The days are long but the years are short, as they say of parenthood. But equally the same could apply to our working lives. Employers that acknowledge that parenthood is just a small part of a working life, for both men and women, have more to gain than they do to lose.

Part of me wonders what Honora would make of make of all of this. I can see her tutting at the very idea of an unmarried mother for a Prime Minister. My complaints about pregnancy and motherhood would, I’m sure, seem incredibly precious to her. My two, carefully planned children would strike her as suspiciously Protestant. If Honora had one trait in common with her many descendants, sympathy for moaners would be limited.

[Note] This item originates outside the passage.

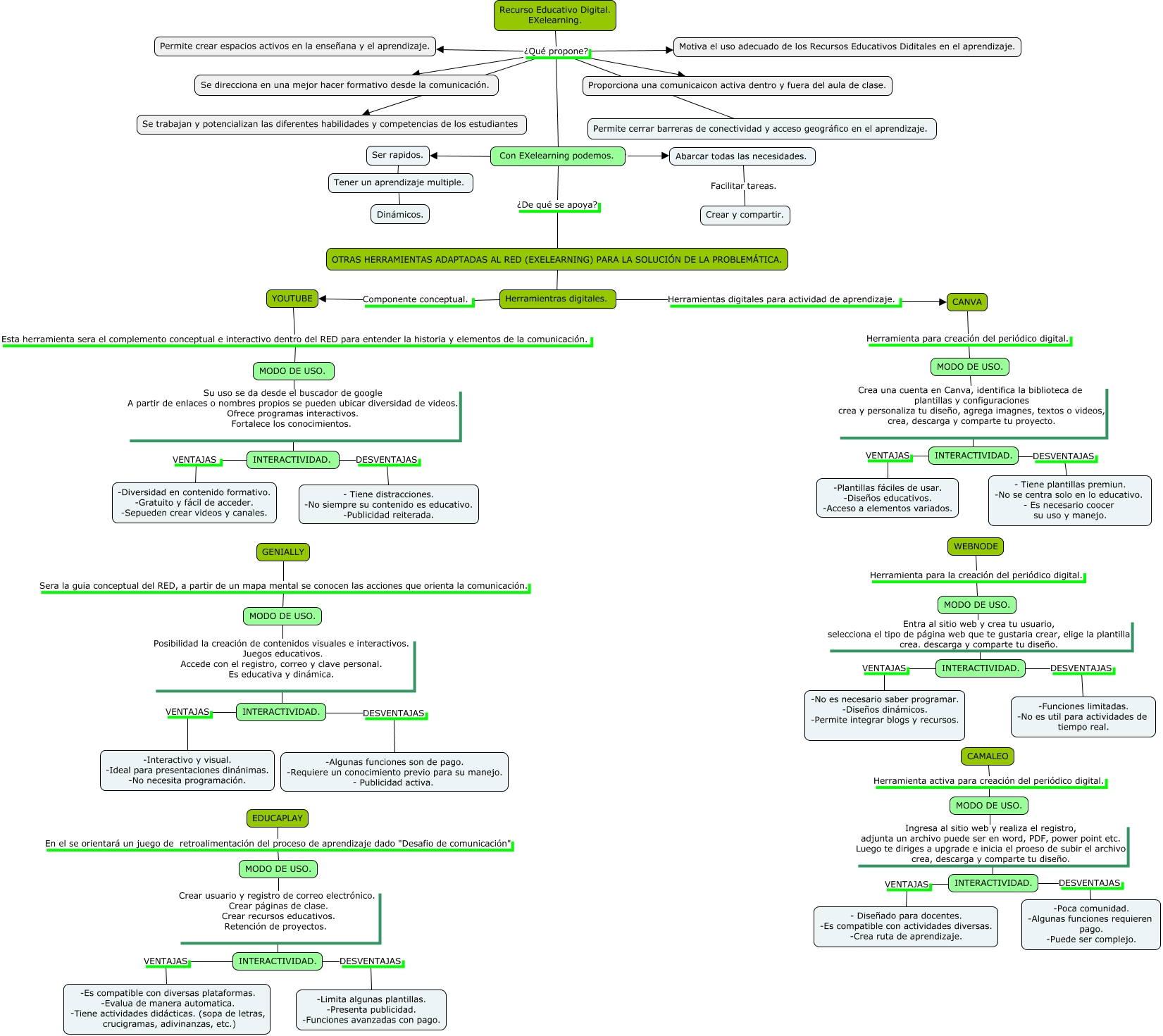 Este Cmap, tiene información relacionada con: RED EXELEARNING, Abarcar todas las necesidades. Facilitar tareas. Crear y compartir., INTERACTIVIDAD. VENTAJAS - Diseñado para docentes. -Es compatible con actividades diversas. -Crea ruta de aprendizaje., Ser rapidos. ???? Dinámicos., Recurso Educativo Digital. EXelearning. ¿Qué propone? Se direcciona en una mejor hacer formativo desde la comunicación., Recurso Educativo Digital. EXelearning. ¿Qué propone? Con EXelearning podemos., Recurso Educativo Digital. EXelearning. ¿Qué propone? Proporciona una comunicaicon activa dentro y fuera del aula de clase., Con EXelearning podemos. ???? Abarcar todas las necesidades., CANVA Herramienta para creación del periódico digital. MODO DE USO., INTERACTIVIDAD. DESVENTAJAS -Algunas funciones son de pago. -Requiere un conocimiento previo para su manejo. - Publicidad activa., Recurso Educativo Digital. EXelearning. ¿Qué propone? Motiva el uso adecuado de los Recursos Educativos Diditales en el aprendizaje., INTERACTIVIDAD. VENTAJAS -Plantillas fáciles de usar. -Diseños educativos. -Acceso a elementos variados., Herramientras digitales. Herramientas digitales para actividad de aprendizaje. CANVA, WEBNODE Herramienta para la creación del periódico digital. MODO DE USO., Herramientras digitales. Componente conceptual. YOUTUBE, MODO DE USO. Su uso se da desde el buscador de google A partir de enlaces o nombres propios se pueden ubicar diversidad de videos. Ofrece programas interactivos. Fortalece los conocimientos. INTERACTIVIDAD., INTERACTIVIDAD. VENTAJAS -Interactivo y visual. -Ideal para presentaciones dinánimas. -No necesita programación., Recurso Educativo Digital. EXelearning. ¿Qué propone? Se trabajan y potencializan las diferentes habilidades y competencias de los estudiantes, MODO DE USO. Entra al sitio web y crea tu usuario, selecciona el tipo de página web que te gustaria crear, elige la plantilla crea. descarga y comparte tu diseño. INTERACTIVIDAD., MODO DE USO. Posibilidad la creación de contenidos visuales e interactivos. Juegos educativos. Accede con el registro, correo y clave personal. Es educativa y dinámica. INTERACTIVIDAD., Recurso Educativo Digital. EXelearning. ¿Qué propone? Permite crear espacios activos en la enseñana y el aprendizaje.

And yet – the Honora Mahony who scrawled her name on page 456 wanted something better and fairer for women. The Honora who left Ireland with her sister, knowing she’d never see Mary and Patrick again, knew that change takes courage, and change takes time.

I think of my grandmother, Honora’s grand-daughter in law, telling her girls they must travel. Go to London and do your OE, to see the world that I haven’t, and come back and tell me all about it. I think of my mum, told by the nuns who taught her that her career options were teaching or nursing, determined that my sister and I would go to university. Each generation of women pressing forward to forge a bit of change for the next, to make life a bit better for their daughters; Honora would approve, I think.

My daughter was born on 18 June. “You’ll forget”, people told me, when I complained about the never-ending hell of pregnancy (I haven’t). “It’ll all be worth it when you hold that baby in your arms,” they told me. (It was).

My daughter was born on 18 June. It will be up to her to seize the opportunities and privileges that being born in New Zealand will offer her. But it should not be her job, or the job of women “leaning in” to fight to create a space for ourselves. It is incumbent upon everyone, male and female, to create a New Zealand where all of our sons and daughters have the opportunity to contribute equally, at home and at work, where the impact of parenthood is shared equally over both parents’ careers, where it is the “done thing”.

My daughter was born on 18 June, and on that day the world was changed forever. She walks in the footsteps of all the Honoras, and of the voiceless armies of women who have gone before her.